Given material: Begin
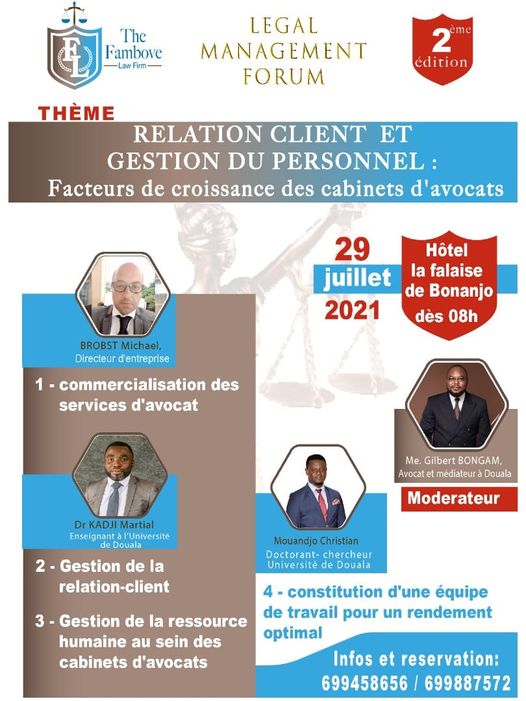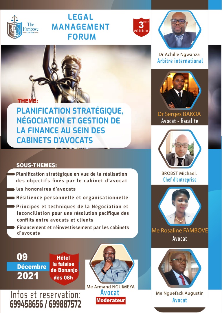 Dans un contexte marqué par une quête permanente et effrénée de la justice par les justiciables, une recherche accentuée du profit de la part des investisseurs, une concurrence redoutable ; les intérêts des uns peuvent se heurter à ceux des autres faisant ainsi naître un climat de conflit d’où la raison d’être du cabinet d’avocat The Fambove Law Firm. The Fambove Law Firm est un cabinet d’avocats et de juristes, bilingue, basé au Cameroun-Douala offrant un accompagnement rigoureux, méticuleux et des conseils précis qui cadrent avec les besoins et les attentes des clients locaux et internationaux. En outre, il offre également aux entreprises de différents secteurs (financiers, bancaires, assurances, pétrolières, de transport…) ainsi qu’aux particuliers des services et une assistance technique à compétences multiformes, variables, accessibles à tous par tous et innovants.
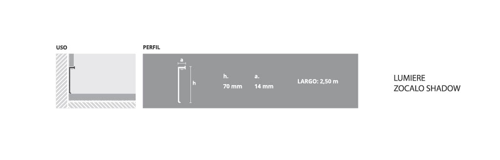 uso en interiores. Con una altura de 70 mm, el perfil se instala en la parte inferior del muro, generando
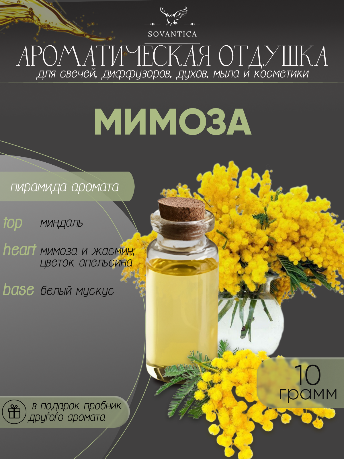 Ароматическая отдушка Мимоза 10гр Sovantica от бренда Кема Клаб информация:
Given material: End
> _What the task requires_: An exact copy of the lines from the line containing "uso en interiores." through the final line of the listing, without pictures, is the expected result.

> _Result of the exercise_:
 uso en interiores. Con una altura de 70 mm, el perfil se instala en la parte inferior del muro, generando
 Ароматическая отдушка Мимоза 10гр Sovantica от бренда Кема Клаб информация:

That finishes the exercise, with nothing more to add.